EXERCISE DESCRIPTION
Reproduce the listing below character for character; drop every image.

INFORMATION SUPPLIED
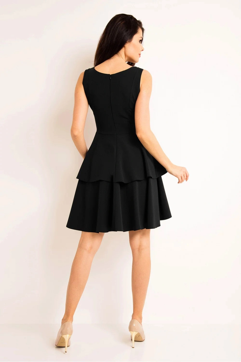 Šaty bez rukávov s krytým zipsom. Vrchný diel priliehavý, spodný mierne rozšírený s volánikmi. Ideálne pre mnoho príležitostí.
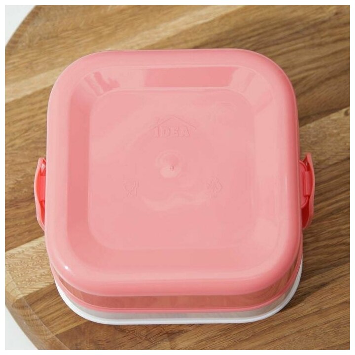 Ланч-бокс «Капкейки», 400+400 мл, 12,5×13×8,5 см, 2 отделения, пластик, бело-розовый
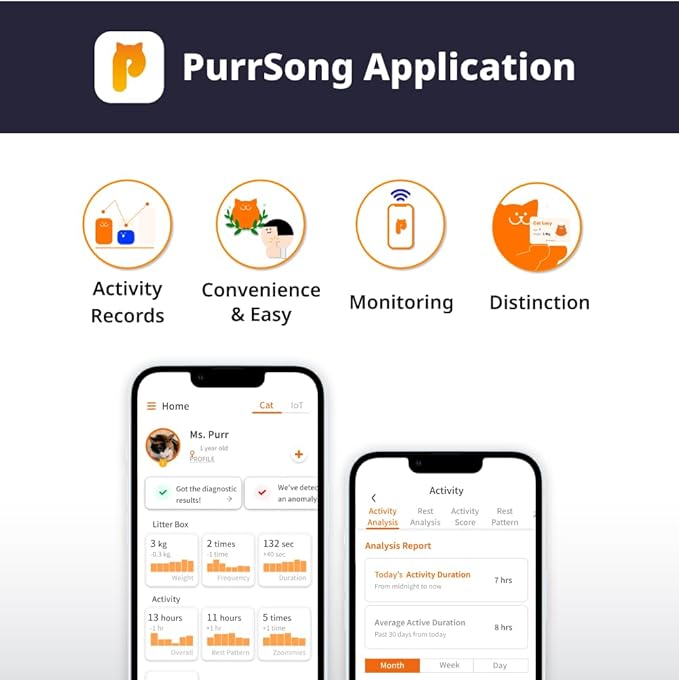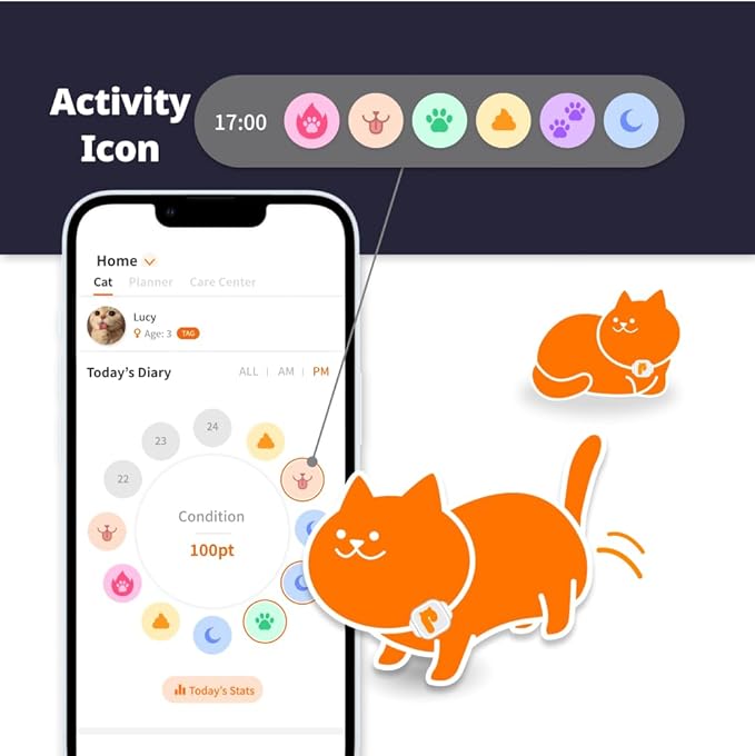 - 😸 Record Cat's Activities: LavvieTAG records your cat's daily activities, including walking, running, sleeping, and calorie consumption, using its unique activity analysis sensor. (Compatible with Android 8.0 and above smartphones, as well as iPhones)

REPLY
 Šaty bez rukávov s krytým zipsom. Vrchný diel priliehavý, spodný mierne rozšírený s volánikmi. Ideálne pre mnoho príležitostí.
 Ланч-бокс «Капкейки», 400+400 мл, 12,5×13×8,5 см, 2 отделения, пластик, бело-розовый
 - 😸 Record Cat's Activities: LavvieTAG records your cat's daily activities, including walking, running, sleeping, and calorie consumption, using its unique activity analysis sensor. (Compatible with Android 8.0 and above smartphones, as well as iPhones)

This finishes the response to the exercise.